Sir Ken Robinson's Bring on the Learning Revolution

 

The other students in my cohort will be sick of me referencing Sir Ken Robinson and his opinions and principles of education by the time our program is complete. Still, I honestly believe that he is our ‘saviour’ and ‘prophet’ to how we should be reforming today’s education system. Besides my wife, I credit Sir Robinson’s Tedtalks as being the biggest inspirations for becoming a teacher. I have been in some form of education my whole life and have observed so many variable methods of teaching. Some motivated me and made me flourish. While others made me disengaged and disinterested in the subject we were learning. In those classes, I found myself just “jumping through the hoops to pass,” I would say it is was a combination of the subject matter and how the teacher delivered it. Two of the main components of learning: the subject matter and the educator.
I stumbled upon Sir Ken Robinson in my second year of university and knew he’d be inspirational for me for the rest of my life. At that point, I didn’t know I wanted to be a teacher yet, but his methods were relatable to how I would coach, raise my future children, treat my own education, and unknowingly, be the catalyst to becoming a teacher.
The times have changed. It is no longer true that if you work hard, get good grades, go to university, and there will be a good-paying job waiting for you. Sir Robinson doesn’t discredit this educational track entirely, but he admits that degrees don’t make guarantees. Hell, I’m on my third degree and yet to have a job in what I’ve studied in university, fingers crossed I get this one right.

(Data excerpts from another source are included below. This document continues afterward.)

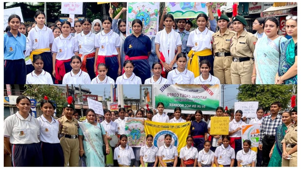 84 उत्तराखंड बटालियन रूड़की एनसीसी ने ‘स्वच्छता ही सेवा अभियान के तहत मैथोडिस्ट गर्ल्स पी.जी कालेज रूड़की ने एनसीसी सीटीओ वंदना चौहान के नेतृत्व में एनसीसी कैडेट्स छात्राओं द्वारा “एक घंटा स्वच्छता के नाम” के अंतर्गत स्वच्छता जागरुकता रैली निकाली
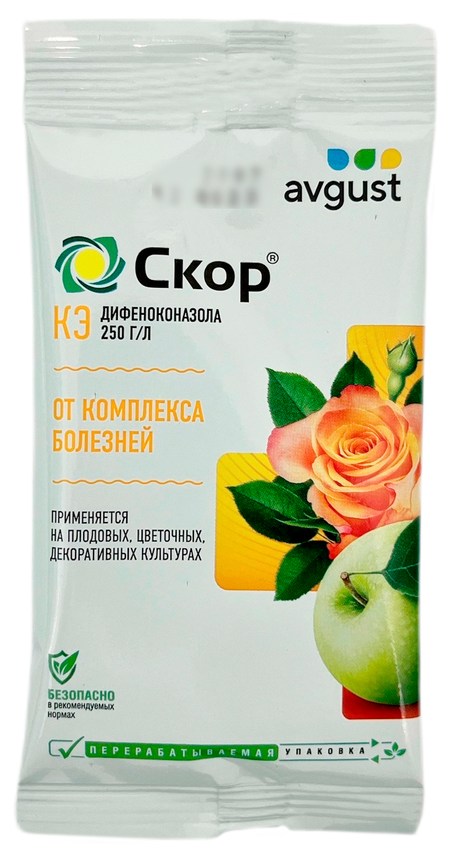 Скор Август от комплекса болезнейСостав: концентрат эмульсии, 250 г/л дифеноконазола.
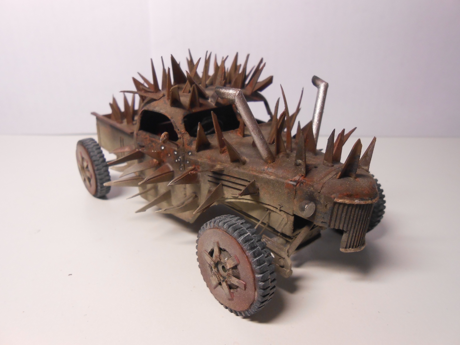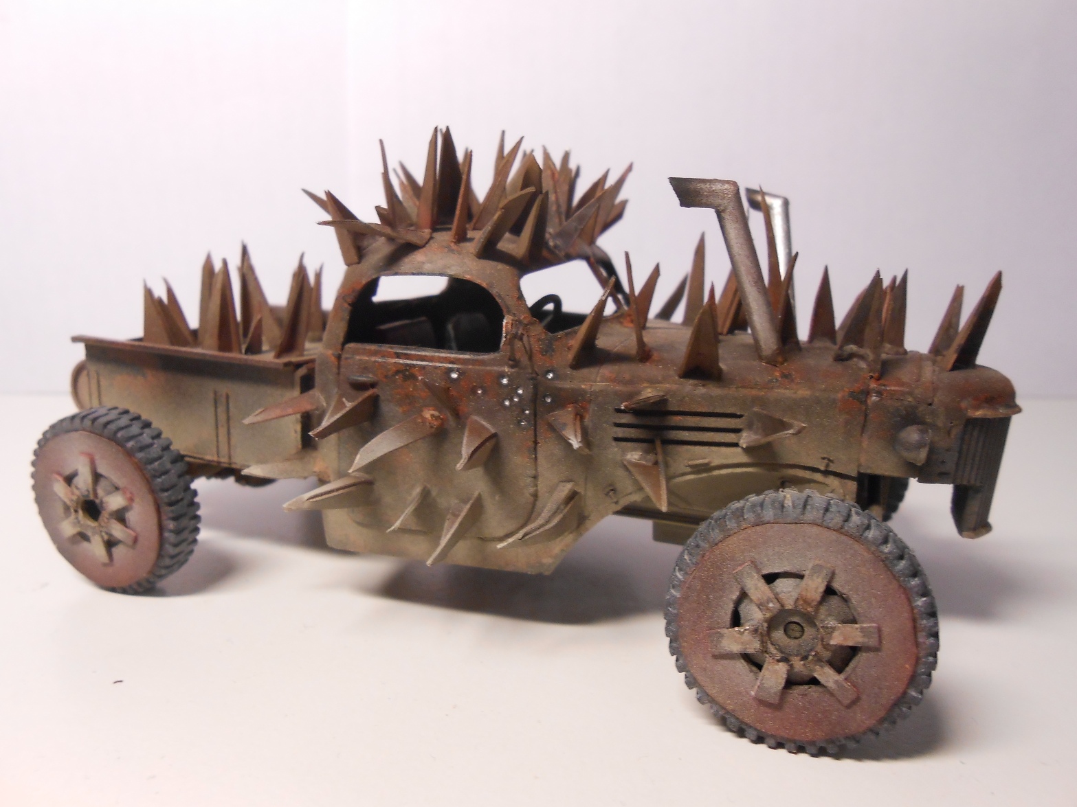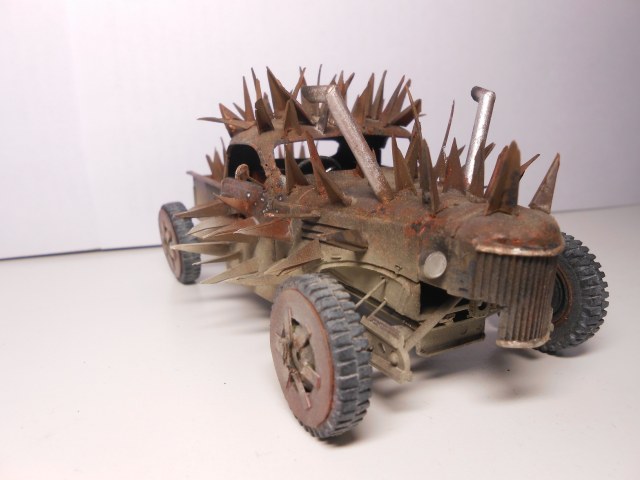За основу прототипа по сюжету создателей был взят пикап Dodge D12, на который так же очень хорошо похожа кабина ЗиС-151, которую я и взял за основу. Создать точную копию цель не стояла, так как в мире постапокалипсиса все поделки индивидуальны. Поэтому строил по максимуму похожей свою модель на прототип. Красил Тамией, ей же и запылил машину, так же использовал масляные краски.
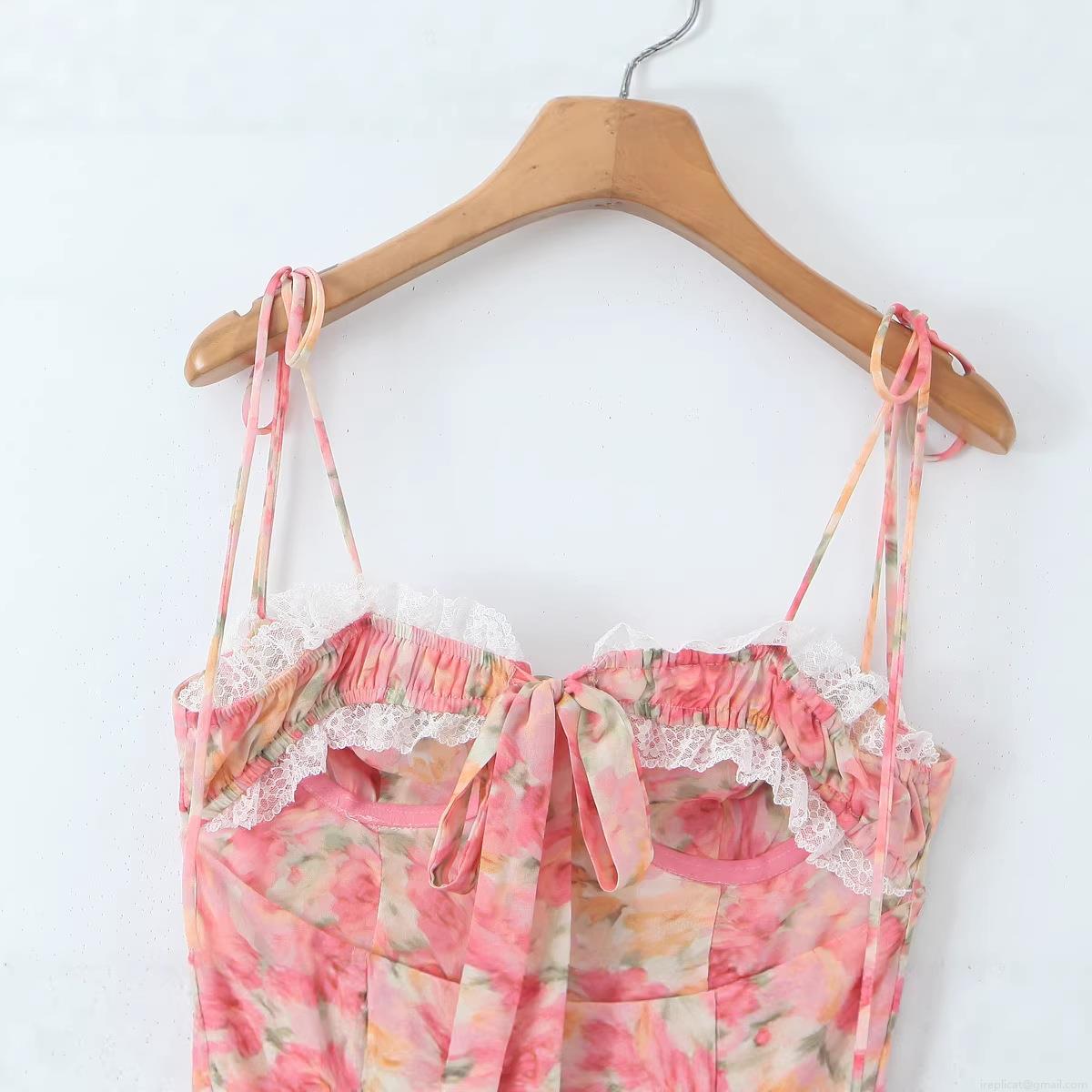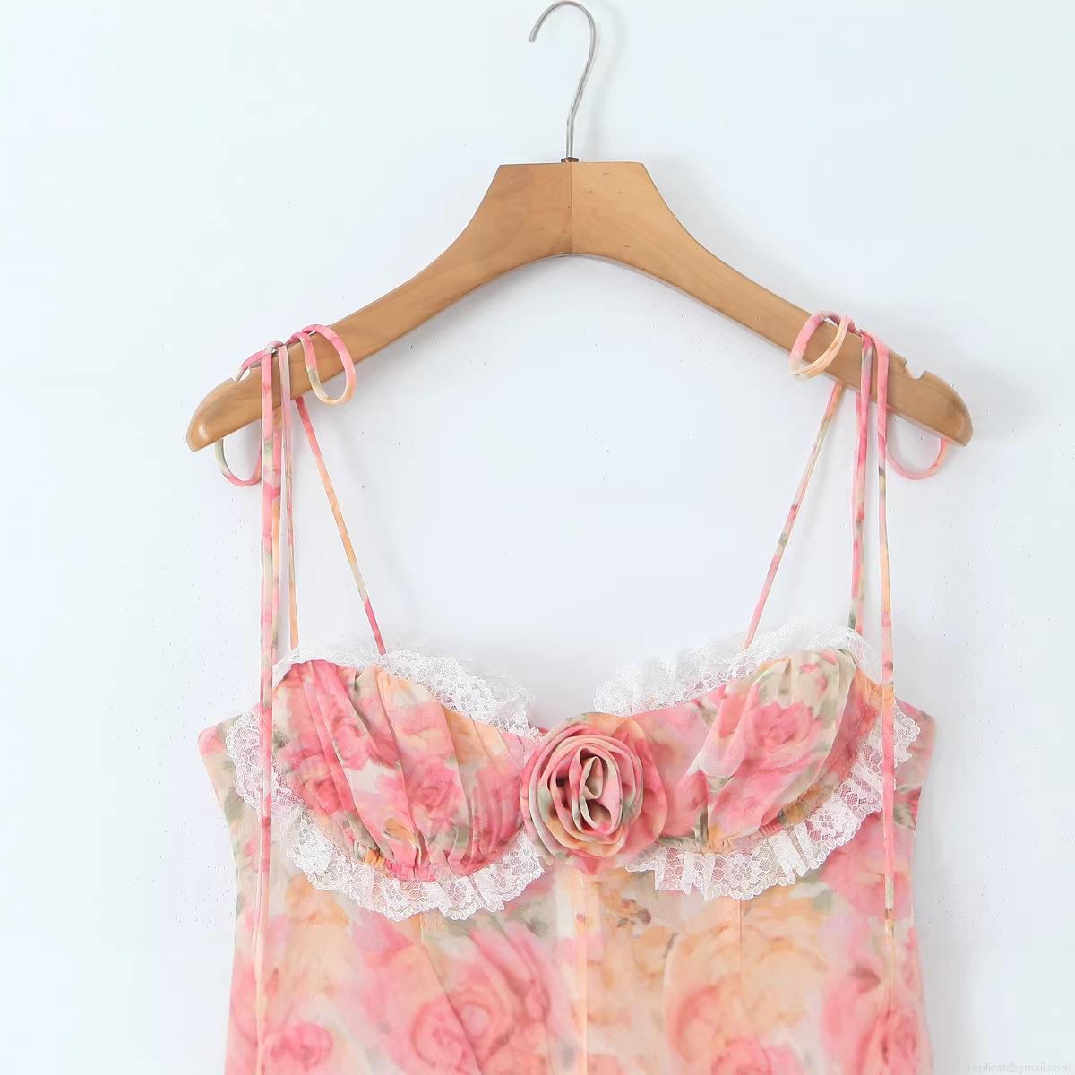 • Women's Summer Pink Floral Cami Dress With White Lace Trim And 3D Rose Decoration Irregular Hem Sleeveless Sweet Chiffon Feel Mini Dress For Vacation Party
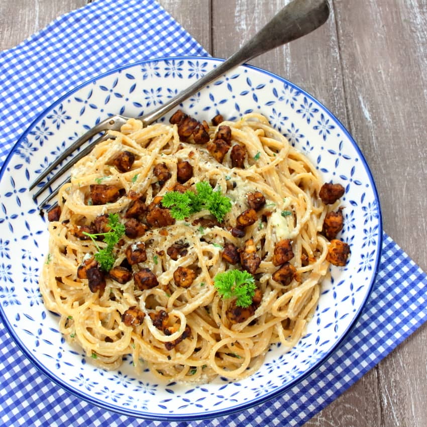 Vegan carbonara sauce was actually one of the first dishes I tried when I decided to stick to a vegan diet. At this time, I still used soy cuisine for the sauce. Now, I usually rely on cashews and plant-based milk to make creamy sauces. Nutritional yeast and miso paste gives the vegan carbonara sauce its typical cheesy flavor. If you like you can also add peas, broccoli, or mushrooms to your sauce. The vegan tempeh carbonara sauce goes well with a green side salad.
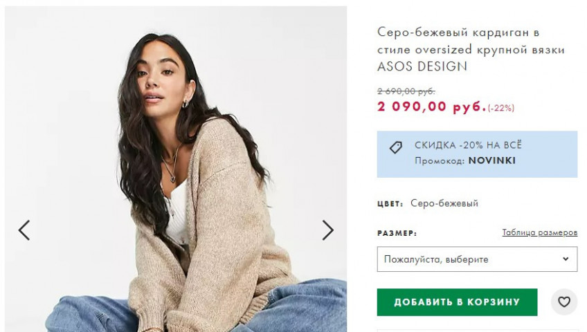 — Серо-бежевый кардиган в стиле oversized крупной вязки ASOS DESIGN по цене 1679₽, вместо 2690₽;

“The current system was designed and conceived for a different age… for the industrial revolution… we’ve evolved past that, but our means of educating has not.” Sir Robinson says in his video Changing Education Paradigms. As up-and-coming teachers, we need to shift this paradigm from one of standardization and conformity to that of one that models divergent thinking, creativity, collaboration and lateral thinking. We need to adapt and formulate a practice that doesn’t just praise and reward academic ability.
In no way does he think this is an easy process, that it will take the ‘right’ type of teachers to do so because “our children are living in the most intensely stimulating period in the history of the earth.” We can’t expect the standard “boring stuff of school” to stimulate them; we have to find ways to “wake them up to what is inside of themselves,” through adopting multiliteracies that engage a variety of students with a variety of interests. This is something standardized testing and industrialized education don’t accommodate.
I agree with Sir Ken Robinson that we have to think differently about human capacity and each student’s individuality and reform the habits of our institutions. It is upon us to revise and focus on teaching the students, not just the curriculum.